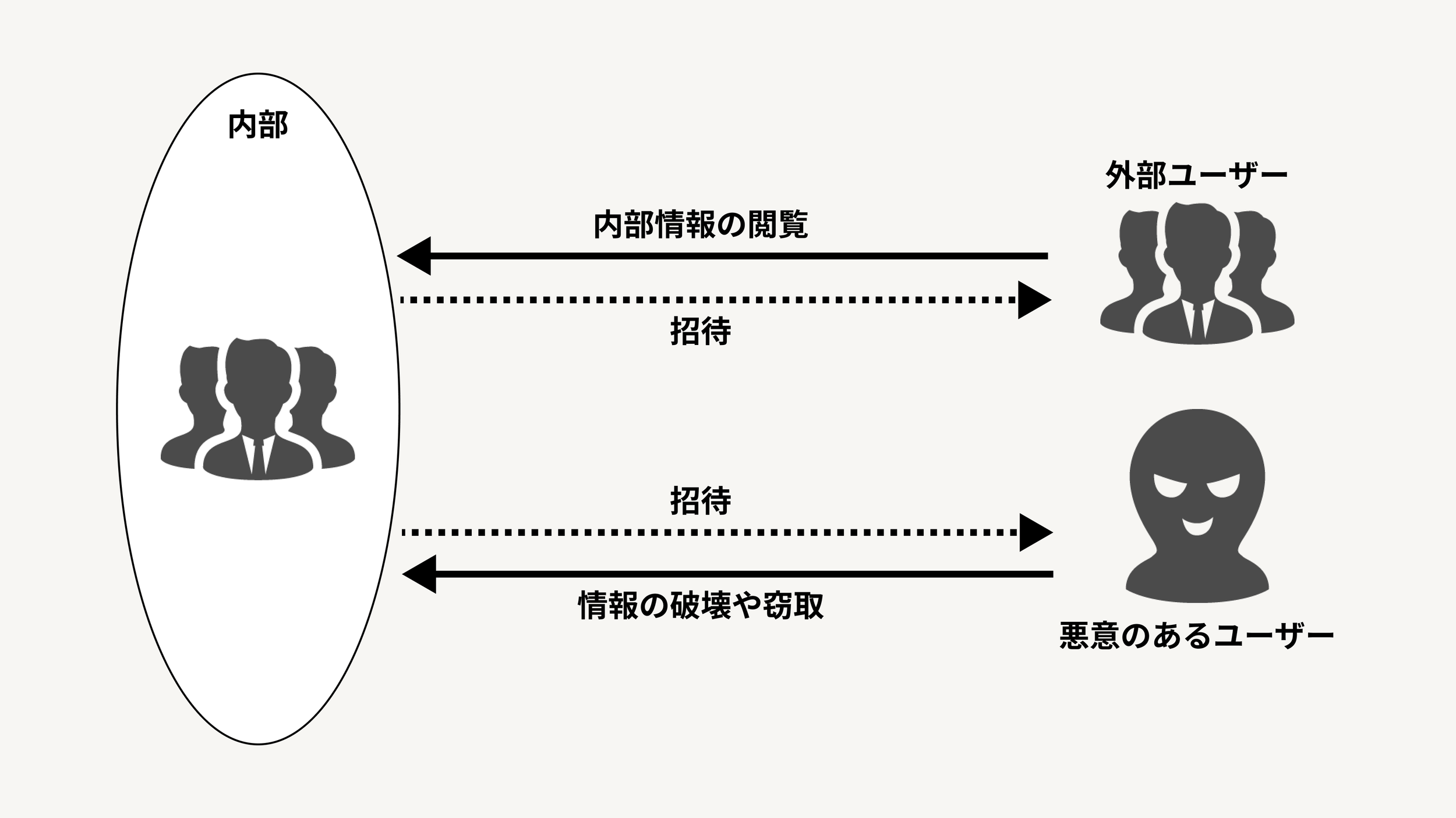 こちらは情報の流出のリスクが考えられます。例えば他のワークスペース上にお客様がいる場合や自分自身がゲストユーザーとして他の企業や組織のワークスペースに招待されている場合に、内部の情報を外部へ、又は外部の情報を内部へ流出させてしまう恐れが出てきます。こちらも最小限のアクセス権限を付与することが大切です。社内のメンバーだけでなくゲストユーザーの権限もしっかりと管理する必要があります。
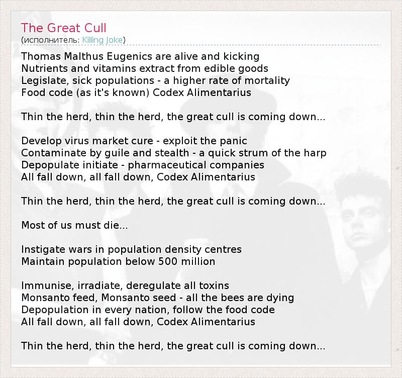 А как ты думаешь, о чем песня "The Great Cull" ?
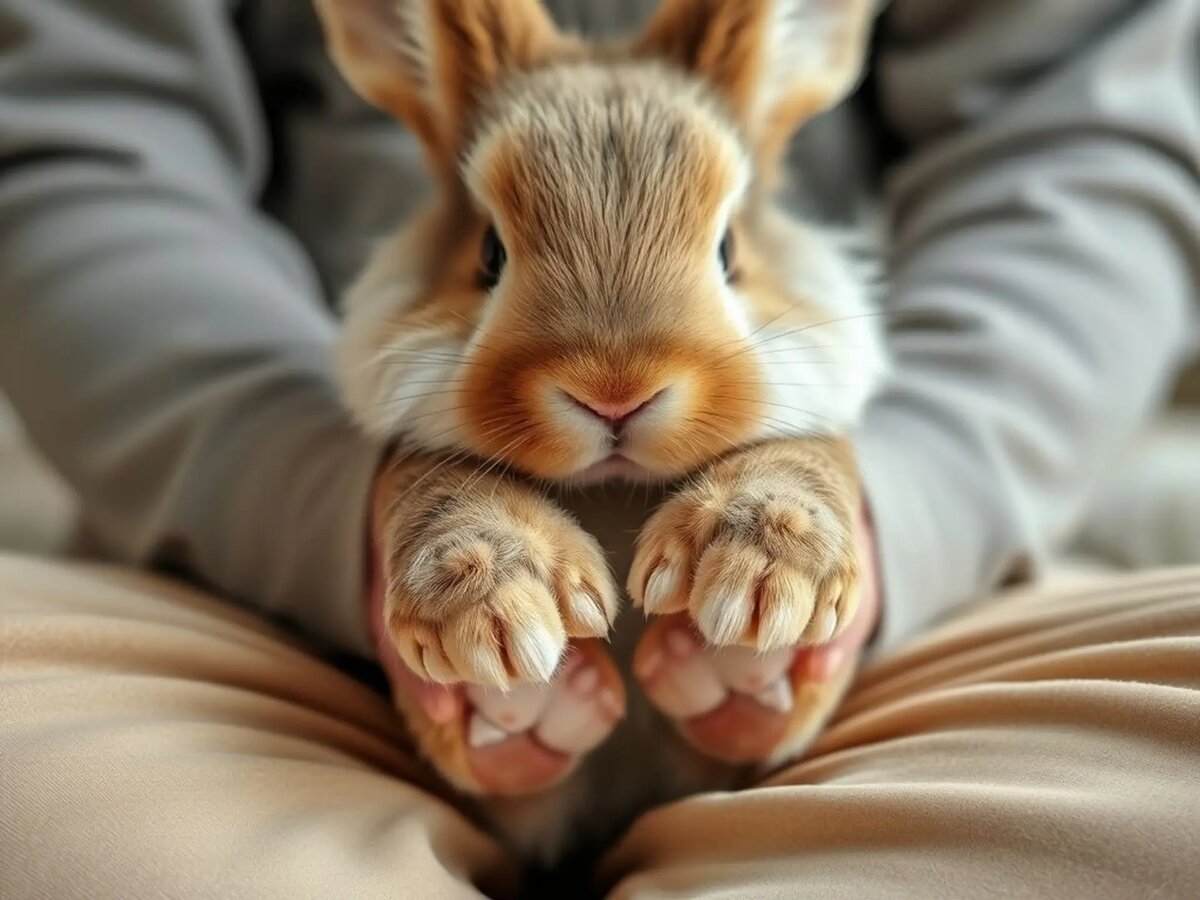1. Удобная посадка. Один из лучших способов: посадите кролика *хвостиком к себе* на свои колени (можно на столе, подстелив не скользящий коврик), лицом от себя. Одной рукой нежно, но уверенно придерживайте его за грудь, прижимая к вашему телу. Так вы видите лапы спереди, кролик надежно зафиксирован и меньше видит «страшные» действия руками.
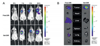 | Fig. 5. In vivo biodistribution of free-DiR and Gel-DiR in 4T1-bearing mice. (A) In vivo fluorescence images of tumor-bearing mice at different times after peritumoral administration of free-DiR and Gel-DiR; (B) Ex vivo fluorescence images of tumors and major organs at 24 h after peritumoral administration, including tumor, heart, liver, spleen, lung, and kidney. DiR as the fluorescent probe. | |
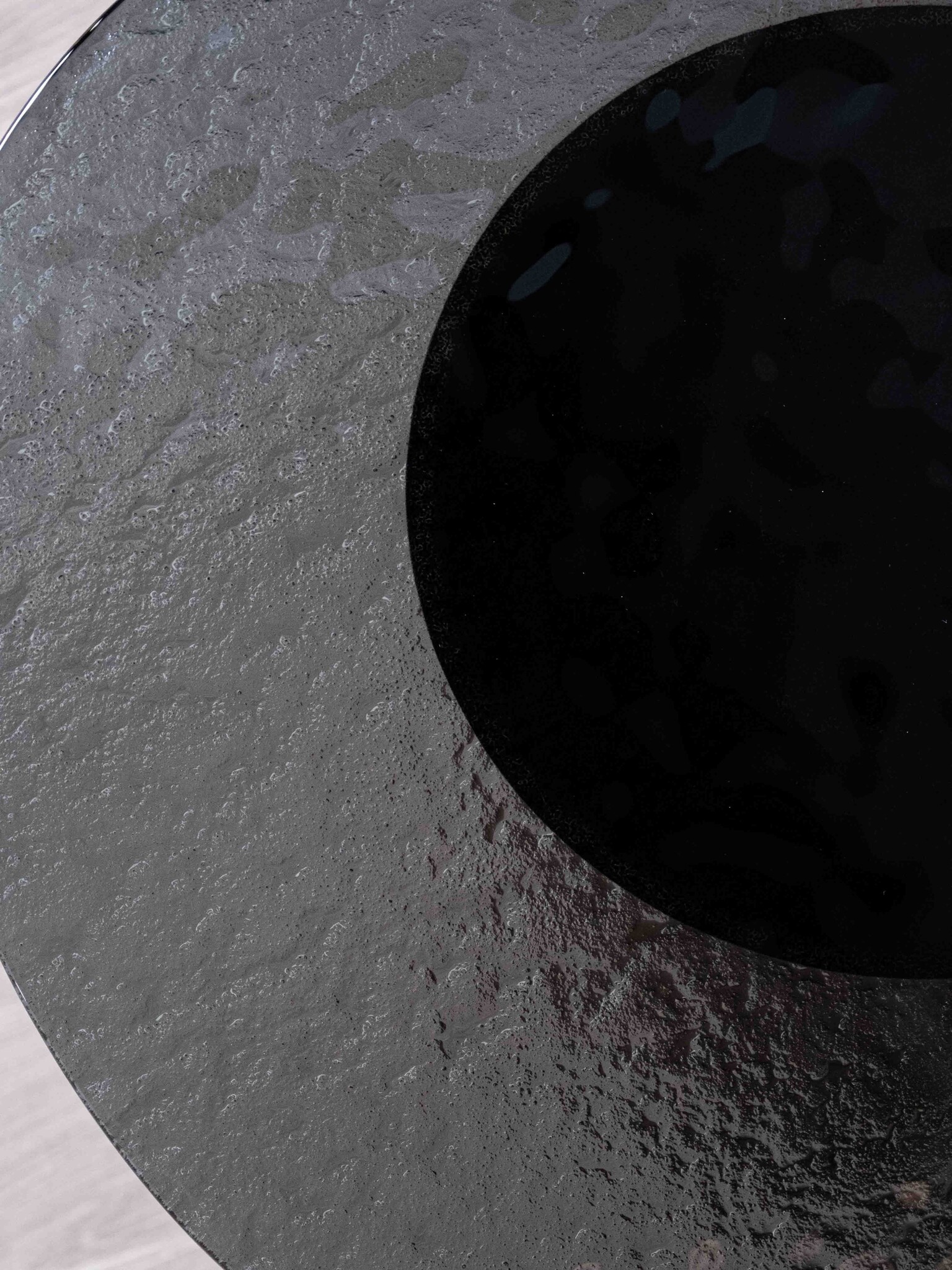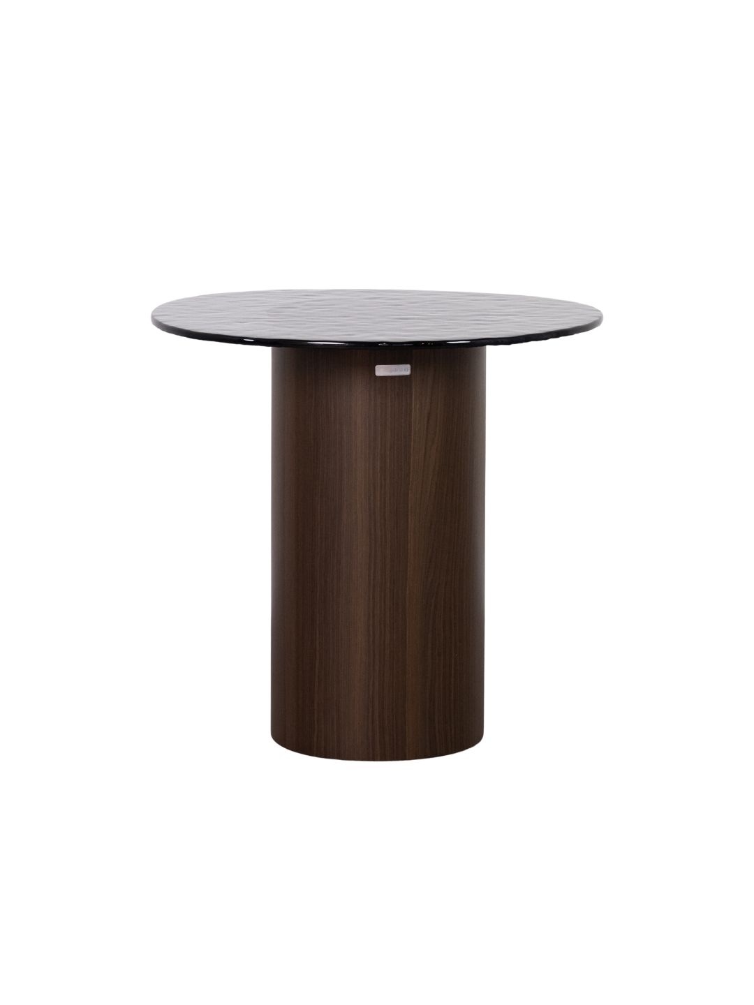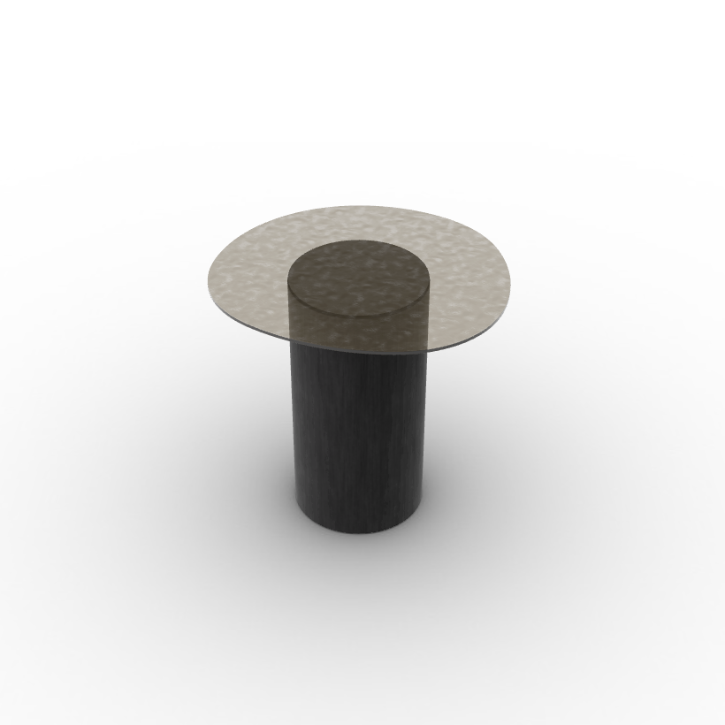 The bush-hammered glass top resembles the vibrant hues and beauty of glass-paste gems. Its sleek cylindrical wooden base adds a touch of uniqueness with a slight asymmetry, creating the illusion that the top hovers gracefully above it.
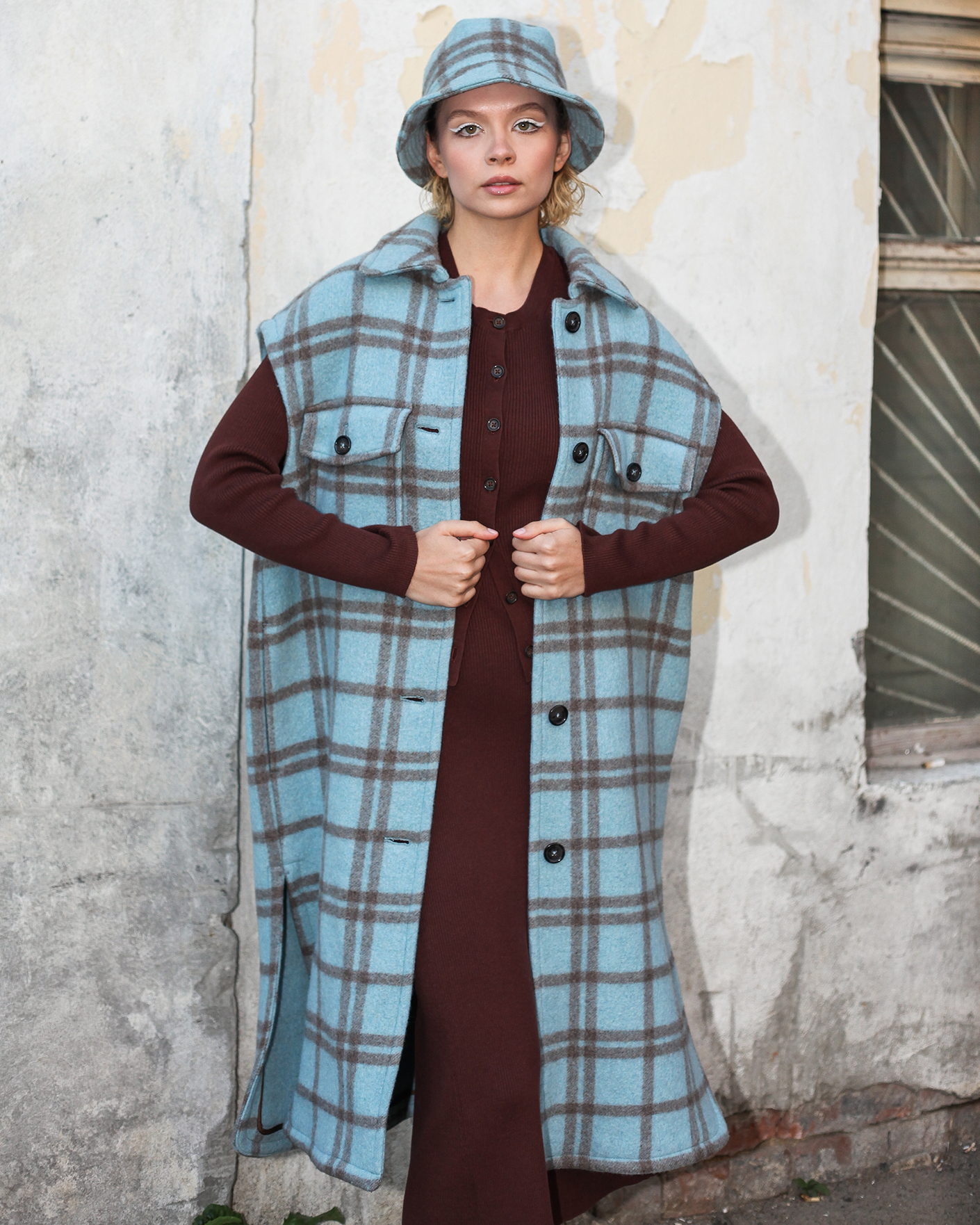 Шерстяная панама Marc O'Polo бежево-голубого цвета в крупную клетку. Прекрасный выбор для межсезонья и европейской зимы.
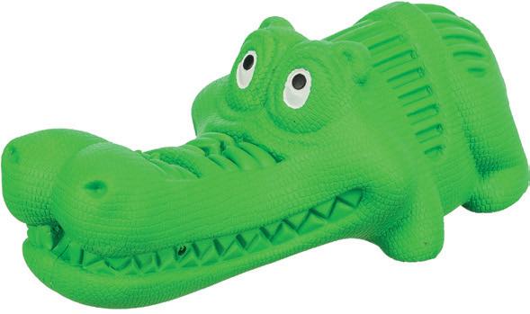 Gör snackstunden rolig och aktiverande för din hund med en tålig krokodil i naturgummi. Den kan fyllas med godis eller torrfoder och är helt ljudlös –perfekt för berikande inomhusaktivering. Storlek: 18 cm.
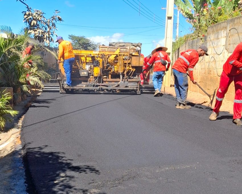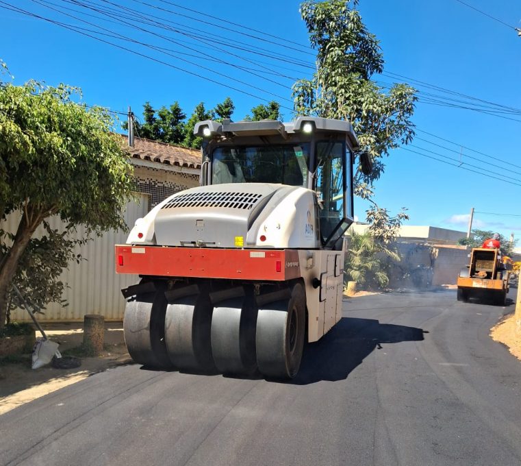 A Prefeitura de Vitória da Conquista prossegue com a obra de pavimentação asfáltica na Rua do Corredor, no povoado da Estiva, nesta terça-feira (09).
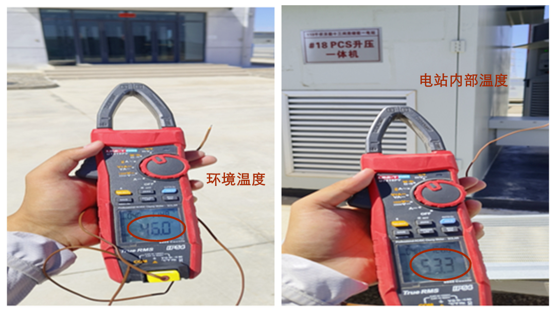 据可靠数据测试,在环境温度为43℃的100MW/200MWh大型电站区,使用常规散热设计方案,生活区环境温度为46℃,而电站内部环境温度高达53.3℃。
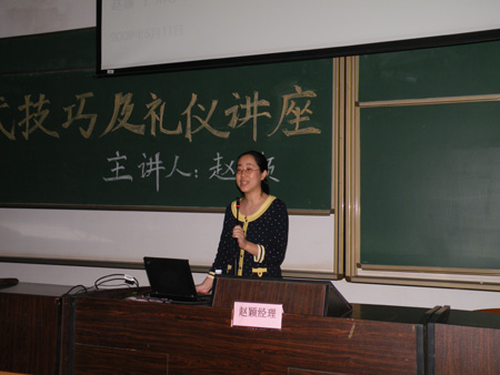 5月11日晚,我院2011届就业优才提升计划之面试技巧与礼仪讲座于教四108室举行。广州移动人力资源部员工关系室经理赵颖受邀作培训,团委书记鲍金勇老师、辅导员周志荣老师以及07、08、09级大部分学生全程参与了讲座。
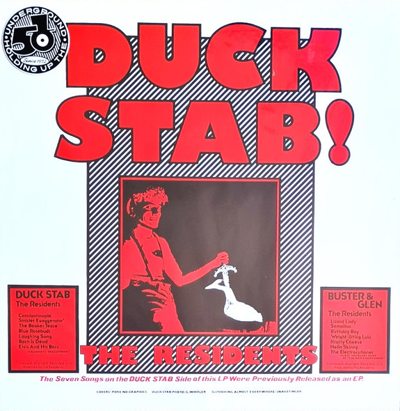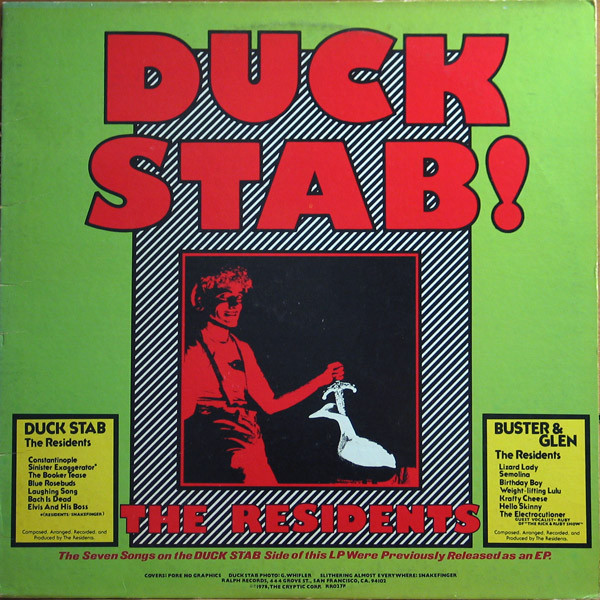 Duck Stab!/Buster & Glen (or simply Duck Stab!)[Note 1] is the fifth studio album by The Residents,[Note 2] released on November 30th 1978 by Ralph Records. It combines Duck Stab!, a seven-song EP the group had released earlier in the year, with a selection of seven additional tracks which the group had originally intended to issue as a follow-up EP titled Buster & Glen.

------------------------------------------------------------------------

# Your task
Once the line holding "A Prefeitura de" is found, set down that line and every line after it, exactly, through the last line of the records above, omitting pictures.

# Problem solution
 A Prefeitura de Vitória da Conquista prossegue com a obra de pavimentação asfáltica na Rua do Corredor, no povoado da Estiva, nesta terça-feira (09).
 据可靠数据测试,在环境温度为43℃的100MW/200MWh大型电站区,使用常规散热设计方案,生活区环境温度为46℃,而电站内部环境温度高达53.3℃。
 5月11日晚,我院2011届就业优才提升计划之面试技巧与礼仪讲座于教四108室举行。广州移动人力资源部员工关系室经理赵颖受邀作培训,团委书记鲍金勇老师、辅导员周志荣老师以及07、08、09级大部分学生全程参与了讲座。
 Duck Stab!/Buster & Glen (or simply Duck Stab!)[Note 1] is the fifth studio album by The Residents,[Note 2] released on November 30th 1978 by Ralph Records. It combines Duck Stab!, a seven-song EP the group had released earlier in the year, with a selection of seven additional tracks which the group had originally intended to issue as a follow-up EP titled Buster & Glen.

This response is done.